Il profilo della Rimini tardoantica, connotato dall’affermazione del Cristianesimo e dall’influenza della vicina Ravenna, capitale dell’impero bizantino, si disegna anche attraverso piccoli, ma interessanti oggetti di culto e di vita quotidiana.
A iniziare dal reliquario in argento, custodito nella base d’altare della chiesa dei SS. Andrea, Donato e Giustina, che reca inciso il motivo della croce latina fra l’alfa e l’omega (simboli dell’eternità di Dio), e quindi proseguire con il “tesoretto” ritrovato negli anni ’60 in piazza Cavour.
Lo compongono due fibule, di cui una in argento dorato, del tipo “a croce a bracci uguali” caratteristico dell’abbigliamento maschile bizantino; sei cucchiai con manico lungo e sottile; un contenitore cilindrico (pisside) e una spatolina per unguenti e cosmetici, un frammento di specchio e un ago, tutti elementi in bronzo riconducibili alla sfera femminile.
Fra gli oggetti più comuni, la lucerna che accompagna la vita e la morte dell’individuo recando sia immagini filtrate dal mondo pagano quali il leone, il gallo, il pavone, il sole o la ruota sia simboli cristiani quali la croce gemmata, il chrismòn (il monogramma che unisce le iniziali del nome greco XPISTOS), il Santo Sepolcro e la palma.

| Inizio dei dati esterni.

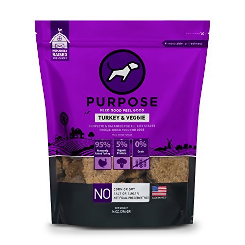 Purpose Freeze Dried Turkey & Veggie Dog Food is passionately prepared for your pet's nutritional needs. Our Turkey comes from humanely raised, free-range that are never administered antibiotics or hormones, as nature intended.
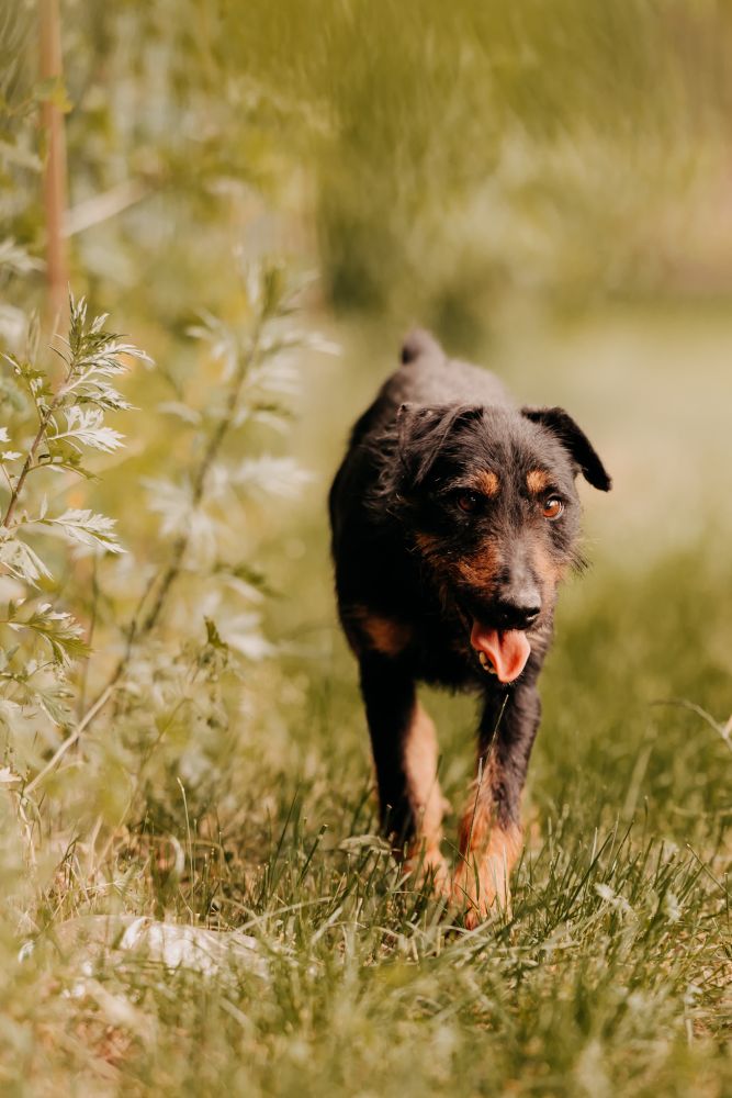 Charlie to pies, który dopiero uczy się, że człowiek może być fajny. Nie jest lękowy, ale po prostu niezależny. Na placu zabaw był bardziej zainteresowany zapachami niż nami, ale pod koniec treningu... pojawiła się iskierka – głównie ze względu na smaczki. Ma wyraźne zapędy łowieckie – klasyczny terier. Obecnie jest w trakcie nauki chodzenia na smyczy, więc przyszły opiekun będzie musiał wykazać się cierpliwością i konsekwencją. To nie miś do tulenia, tylko samotnik, który czasem zerknie w Twoją stronę i jak uzna, że jesteś tego wart – zostanie na dłużej.

La moda del tempo si riflette nelle fibule che trattenevano i pesanti mantelli, nelle fibbie e nei pendagli da cintura di gusto bizantino.
La compagine multietnica emerge dai corredi delle sepolture: emblematico il ritrovamento di Cava Sarzana, lungo il corso del Marecchia, con due tombe maschili, probabilmente di mercenari, che contenevano oggetti di fattura bizantina accanto a elementi, quali le frecce e l’acciarino, tipici dei Longobardi.